KLAK
- Tom Bean, Texas; United States;
- Broadcast area: Northeast Dallas–Fort Worth metroplex; McKinney–Sherman–Durant, Oklahoma;
- Frequency: 97.5 MHz
- Branding: 97.5 K-Lake

Programming
- Language: English
- Format: Classic Hits

Ownership
- Owner: Connoisseur Media; (Connoisseur Media, LLC.);
- Sister stations: KMKT

History
- First air date: October 17, 1983 (at 104.9)
- Former frequencies: 104.9 MHz (1983–1987)
- Call sign meaning: Lake Texoma

Technical information
- Licensing authority: FCC
- Facility ID: 36265
- Class: C2
- ERP: 32,000 watts
- HAAT: 617 feet (188 meters)

Links
- Public license information: Public file; LMS;
- Webcast: Listen Live
- Website: klake.com

= KLAK =

Radio station in Tom Bean, Texas

KLAK (97.5 FM) is a Connoisseur Media radio station licensed to Tom Bean, Texas, serving the Texoma region and the northeast portions of the Dallas–Fort Worth metroplex. The station broadcasts a Classic Hits format. The station's studios are located in McKinney, Texas, with its transmitter southeast of Tom Bean.

==History==
KLAK started broadcasting on the 104.9 FM frequency on October 17, 1983, licensed to Denison, Texas, as a soft adult contemporary format branded as K-LAKE 105. It moved to its present 97.5 FM frequency on May 12, 1987, and was renamed as 97.5 K-LAKE FM. The station rebranded as 97.5 KLAK in 2006.

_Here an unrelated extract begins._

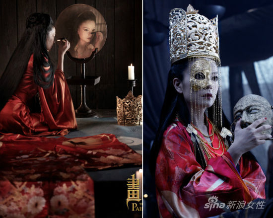 趙薇劇中紅裙造型,寬大的刺繡裙擺彰顯應(yīng)有霸氣感覺。金色頭冠讓皇家氣勢彰顯,鬼魅感面具和面紗呼應(yīng),展現(xiàn)劇中人物復(fù)雜性格。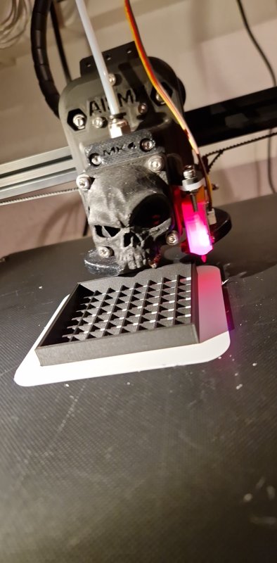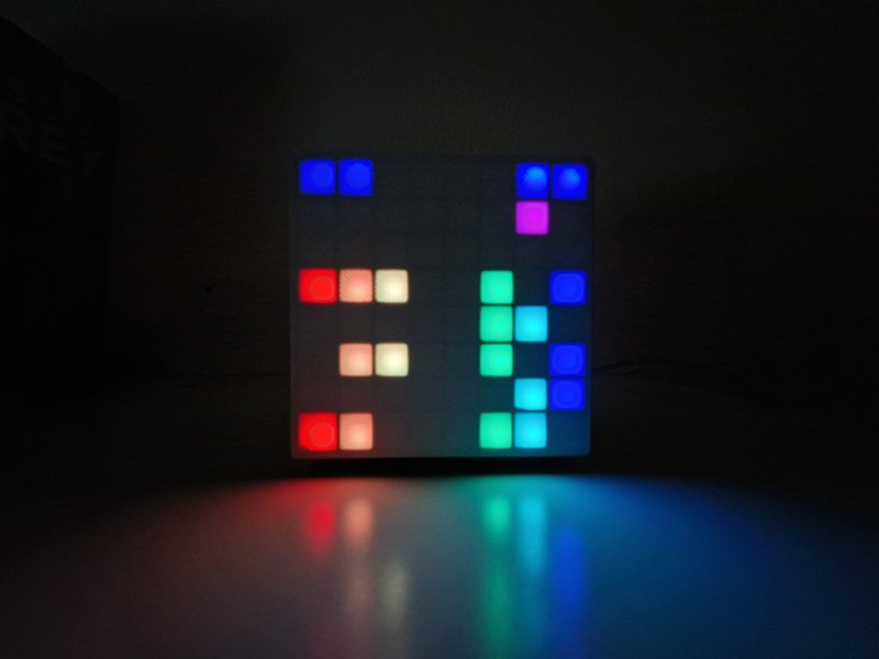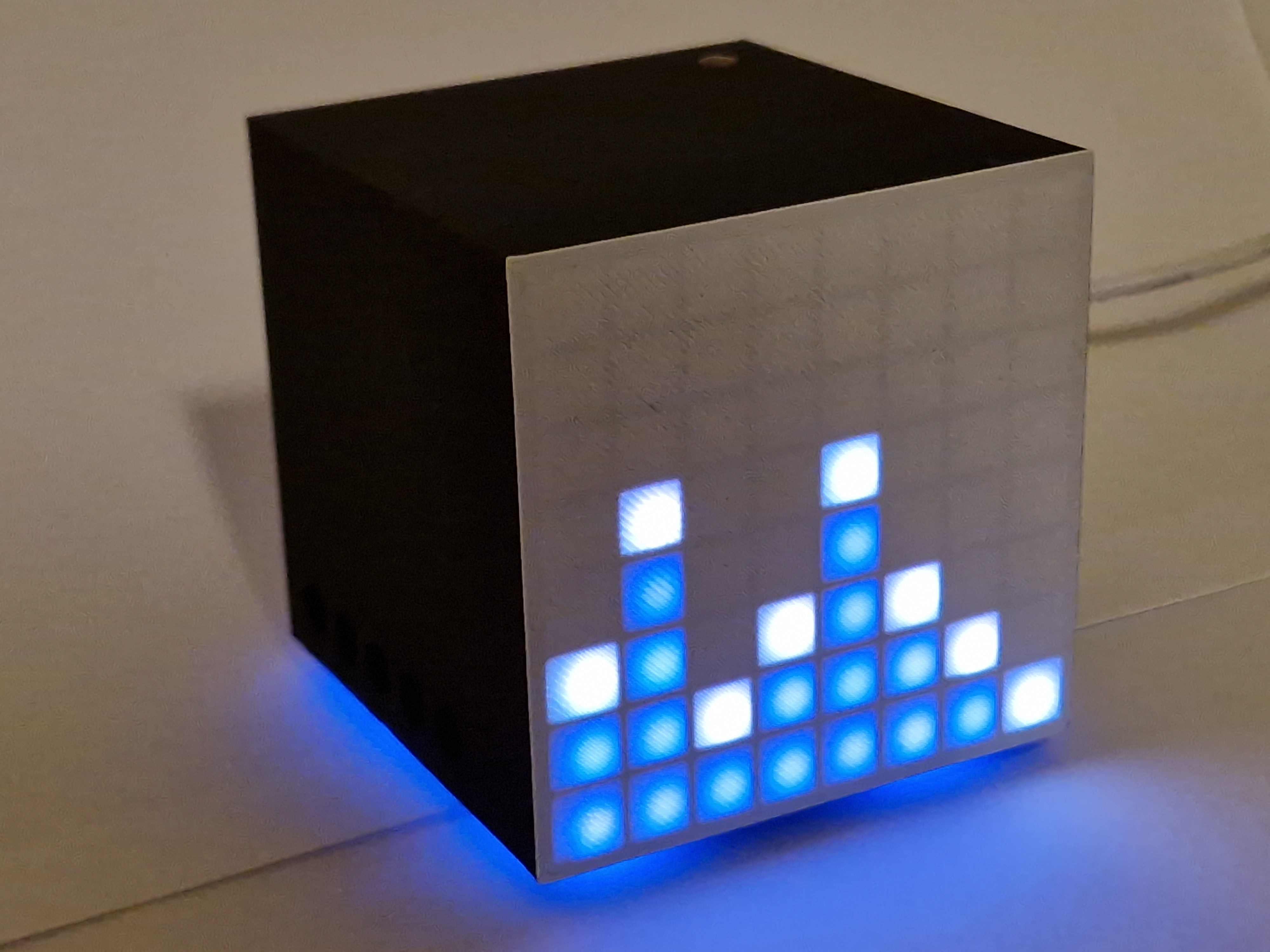 This project went through countless iterations. The first versions were just some blue LEDs on a breadboard. Over time, it became an LED matrix in a wooden box, with holes drilled into it. Now there are 64 individually addressable LEDs in a perfect matrix inside a custom 3D‑printed multimaterial case, providing clean looks and great diffusion of the lights (without light bleeding into neighboring boxes).

In November 2016, KLAK expanded towards a variety hits format with the addition of more Hot AC songs. Four years later, KLAK gradually evolved to Hot AC full-time. This lasted for almost two years until August 30, 2022, when the station began stunting with station identifications and TM Studios jingles with the background of radio static for a short time, which led to the station's return to its "K-Lake" name and normal adult contemporary format.

On August 3, 2026, as a strategy to add Throwback Nation to a trio of Connoisseur Media radio stations including KRBI and KYTC, KLAK moved its format to classic hits, eliminating songs from the 2000s and later and only playing classic hits music from the 70s, 80s, and 90s.

== Programming ==
Besides music, KLAK's programming consists of talk shows (through Westwood One) and sports. The Sandy Show broadcasts every weekday morning at 5 am-9 am while Alan Freemont broadcasts at 2pm-6pm weekdays. KLAK airs McKinney ISD high school football broadcasts on Thursday and Friday evenings during the high school football season.